Tuesday, May 24, 2011

Gimme the Rapture Now

The Mets, hoo boy, where to begin, well let's ask Jeff Toobin, who has dogged Fred Wilpon on his investment strategies with his business partner ( no he isn't, yes he is ) approach.

The New Yorker's Jeffrey Toobin takes readers behind the scenes of the troubled New York Mets, and the impact of the Bernie Madoff investment scandal in a story titled "Madoff's Curveball" in the May 30 edition.

Fred should have had some media folks deliver his messages better, but Wilpon believes he is bullet proof, and he ain't.
So, Jeff Toobin, known for his legal analysis, detailed the long-time relationship between Mets CEO Fred Wilpon, Madoff and their families and analyzes the impact of bankruptcy trustee Irving Picard's quest to target the Mets in salvaging assets in behalf of Madoff victims.

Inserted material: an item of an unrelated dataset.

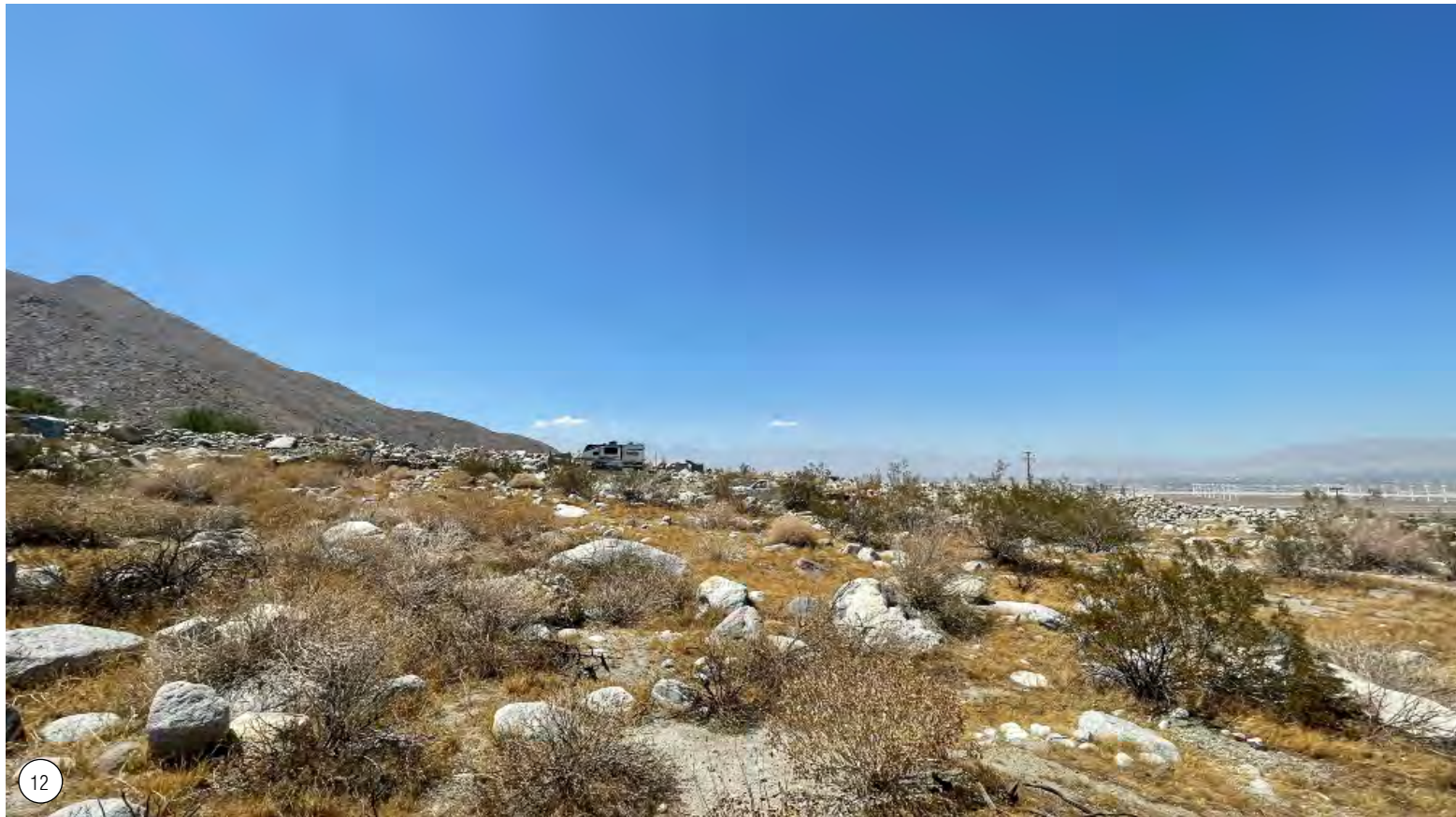
12. NORTHWEST VIEW AT SOUTHWEST CORNER OF DP 10

As compelling as the Madoff-Wilpon tale may be -- and the outlook does not appear rosy for Wilpon -- of at least equal interest to Mets fans might be Wilpon's take on several of his current players. Toobin quotes Wilpon regarding:

This is more the baseball side of his escapades ( have not heard these style rippings sinced Boss George was Cheif Poobah for the Yankees )
•Shortstop Jose Reyes and his contractual future: "He thinks he's going to get Carl Crawford ($142 million) money. .. He's had everything wrong with him physically). He won't get it."

•David Wright and his rough start this season:"He's pressing. … A really good kid. A very good player. Not a superstar."

•Carlos Beltran and the current $119 million contract Wilpon, himself, handed out: "We had some schmuck in New York who paid him based on one (postseason) series. ... He's 65 to 75 % of what he was."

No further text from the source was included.